10. The method of claim 1, wherein at least 40%, 50%, 60%, 70%, 80%, or 90% of the carbon in the carboxylic acid is recovered in the alcohol.

11. The method of claim 1, wherein the substituted or unsubstituted C3 to C10 carboxylic acid is propionic acid, n-butyric acid, n-valeric acid, n-caproic acid, enanthic acid, caprylic acid, pelargonic acid, capric acid, isobutyric acid, benzoic acid, phenylacetic acid, phenylpropionic acid, phenylbutyric acid, 3-methoxy-4-hydroxybenzoic acid, 3-methoxy-4-hydroxyphenylacetic acid, cinnamic acid, lactic acid, 2-methylbutyrate, 2-methyl-2-buteneoate, glutaric acid, succinic acid, adipic acid or a combination thereof.

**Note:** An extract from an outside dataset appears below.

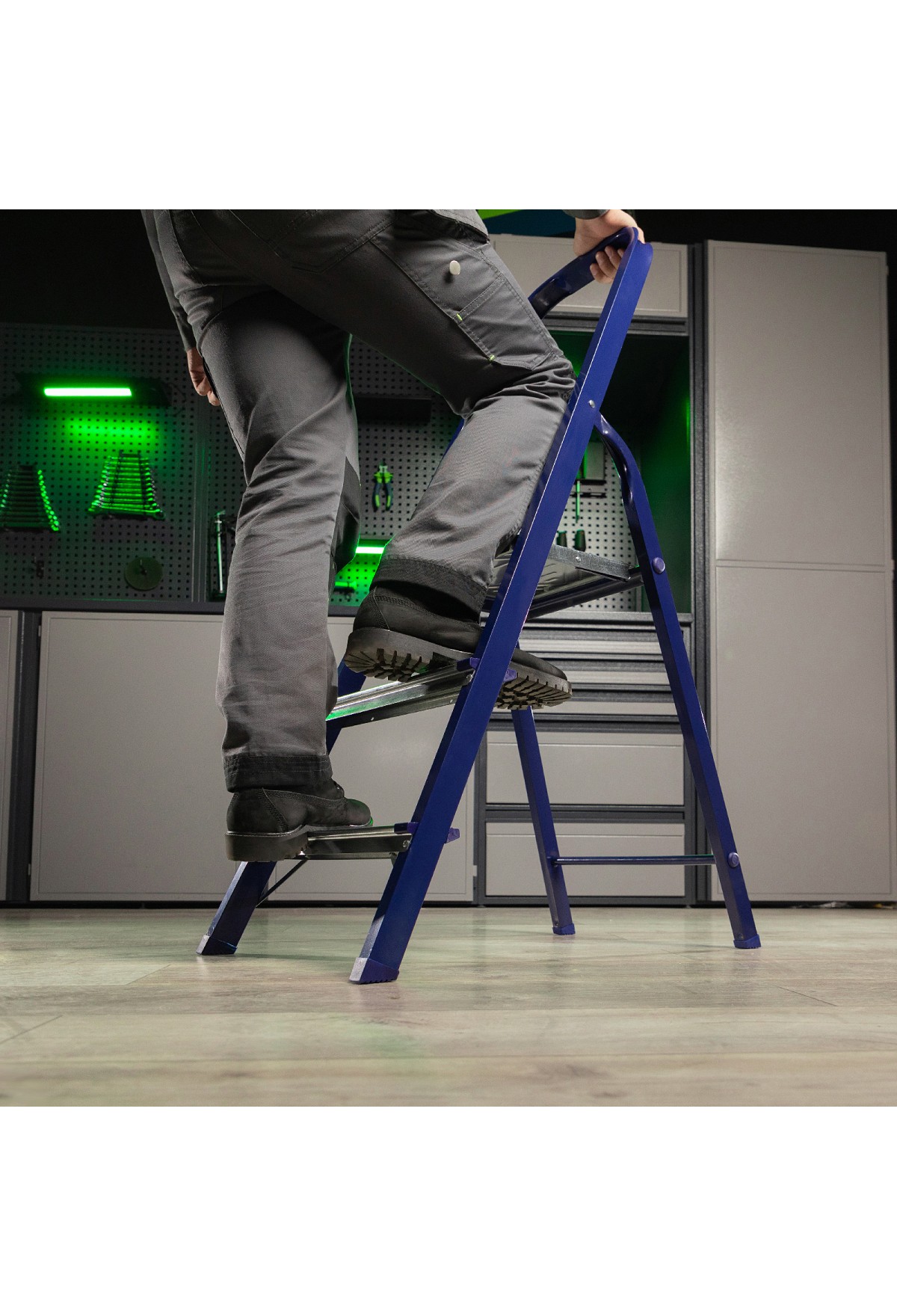 • Повышенная прочность — рама и ступеньки изготовлены из стали и выдерживают нагрузку до 150 кг.

12. The method of claim 1, wherein the substituted or unsubstituted C3 to C10 alcohol is n-propanol, n-butanol, n-pentanol, n-hexanol, n-heptanol, n-octanol, n-nonanol, n-decanol, isobutanol, benzyl alcohol, 4-phenylbutan-1-ol, (E)-3-phenylprop-2-en-1-ol, 4-(hydroxymethyl)-2-methoxyphenol, 2-phenylethanol, 4-(2-hydroxyethyl)-2-methoxyphenol, 3-phenylpropan-1-ol, propane-1,2-diol, (E)-2-methylbut-2-en-1-ol, 2-methylbutan-1-ol, pentane-1,5-diol, butane-1,4-diol, hexane-1,6-diol, or a combination thereof.

13. The method of claim 1, wherein the method is carried out continuously or semi-continuously.

14. The method of claim 1, wherein step b) is carried out for at least 24 hours.

15. The method of claim 14, wherein step b) is carried out for from 1 to 90 days.